George Giacaman
The Daily Star (Opinion)
April 14, 2009 - 12:00am
http://www.dailystar.com.lb/article.asp?edition_id=10&categ_id=5&article_id=1009...


The second round of Palestinian reconciliation talks in Cairo have been postponed for several weeks, and even if they resume toward the end of April as announced, it is not likely that they will succeed. At best the parties might agree on the composition of the new Cabinet, but all other issues, even if there is agreement in principle over them, will not be implemented any time soon.

Three out of five issues on the table are the most difficult: the formation of a new Cabinet, the integration of the various security services, and the reform of the Palestinian Liberation Organization to make it possible for Hamas and the Islamic Jihad to join. Not only do internal factors work against any possible rapprochement, but external factors do as well that may be even more compelling.

Even though the need to rebuild what was destroyed in the Israeli war against Gaza is pressing, which no doubt puts pressure on Hamas, still the movement appears to believe that it need not make the concessions necessary for a new Cabinet to be formed. Hamas went as far as agreeing to "respect" previous agreements, but refused clearer language of the type Fatah insisted on, such as to "accept and abide by" them (iltizam, in Arabic), which the Quartet is demanding and which is necessary to lift the Israeli economic and political siege on a future Palestinian government.

The reason for this is that Hamas does not perceive itself as having lost in the Gaza war, despite of the tremendous price the Palestinians paid. The movement is still in control of the territory and assumes that realpolitik will ultimately prevail. An additional factor is the uncertain regional policies of the Obama administration. Both the United States and the United Kingdom have altered their classification of "terrorist organizations," so that Washington has discovered there is a "moderate" wing to the Taliban that can be negotiated with, while the UK discovered a "political" wing to Hizbullah. Hamas, too, has a political wing, as well as "moderates," waiting to be discovered. Hamas' behavior may be brinkmanship, so that as time goes by and the Israeli siege continues, the movement will be under greater pressure to do something to lift it. Hence the possibility of another conflagration in due course, especially since the new Israeli government is unlikely to be conciliatory toward Hamas.
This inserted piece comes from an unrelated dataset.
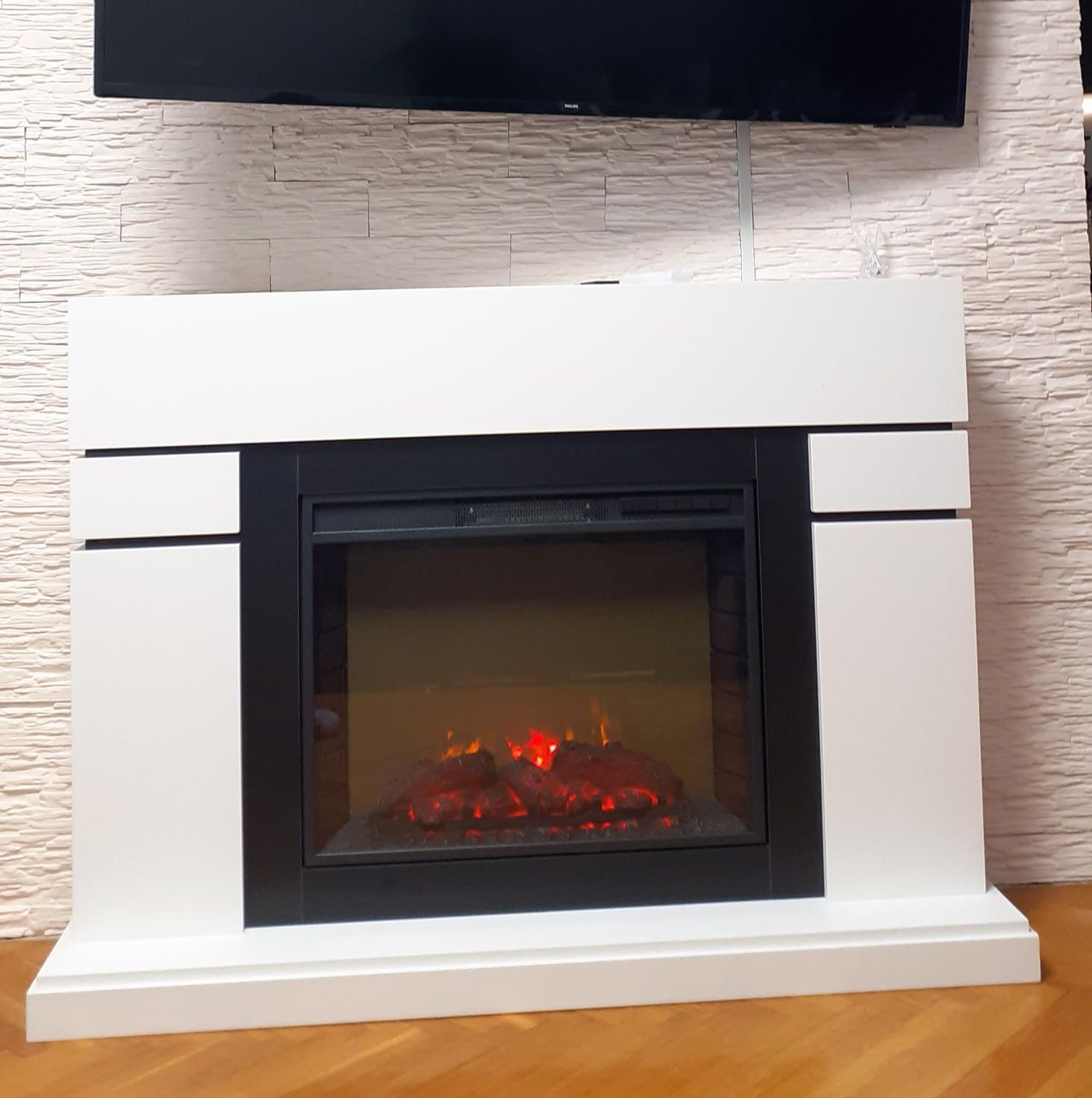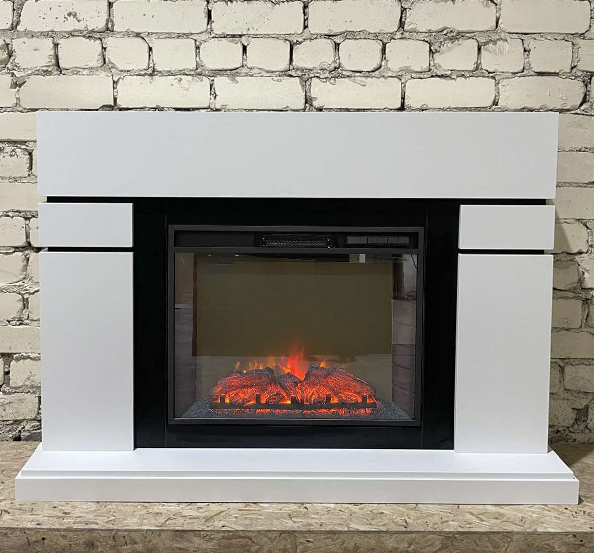 Портал укомплектован широким электроочагом Sparta 25.5 LED с великолепным разноцветным пламенем (3 цвета пламени), пламя в очаге смотрится выразительно и эффектно, а муляж дров и кирпичная кладка создают полное сходство с натуральным очагом. Эффект пламени притягивает к себе внимание с первых секунд. В очаге реализован один из самых совершенных способов визуализации пламени 2D на сегодняшний день. Визуальный эффект горящего огня создается с помощью проекционной LED-технологии.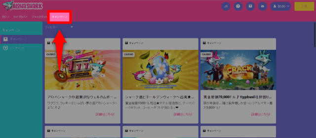 アロハシャークは毎月イベントやキャンペーンを行っており、指定された条件を満たしたり抽選会に参加することでボーナスや賞品を貰うこともできます。

The integration of the security services will not be possible in the West Bank given that their task there is to arrest Hamas activists under the security regime now being overseen by General Keith Dayton. The Palestinian Authority (PA) has been for the past year and a half seeking to fulfill its role in accordance with Stage 1 of the "road map," which calls for the PA to undertake visible efforts to secure the security of Israel. This program will be undone if the Hamas and PA security services are integrated in the West Bank, and no doubt Hamas will condition the integration on the relinquishment of this program. The PA will not be able to carry through any such integration given its present commitments and the hope it retains for political progress under the Obama administration.

Reform of the PLO raises both internal and external issues. It is well understood that any reform of the organization, including elections for a new Executive Committee to replace the aging one whose numbers have gradually dwindled as a result of death and retirement, will do away with almost all present members who are still holding on to their positions. A new balance of power will emerge, and Hamas' share will become a matter of contention. How does one apportion seats if elections are not possible everywhere where Palestinians reside? At least half of the Palestinians live outside Palestine and since the PLO represents all Palestinians, its representatives will claim to have majority support in the countries of the diaspora.

The PA also understands that if Hamas joins the PLO, the organization itself may be subject to sanctions by the US Congress, where Israel has considerable influence. From the PA's perspective, therefore, there is no reason to rush reconciliation efforts, especially if Hamas is seen as attempting to replace Fatah as the representative of most Palestinians. The reconciliation talks in Cairo are also a battle over who represents Palestinians.

The dilemma the PA faces is that it has very few years left in its life. This is a last-ditch battle. If there is no credible political progress that the PA can show to the Palestinians after 17 years of negotiations since the Madrid conference, what credibility it has left will be lost. The PA does not have 17 more years to negotiate. Its life is really tied to what the Obama administration will do. It has one to three years at most. Otherwise, Hamas will take over.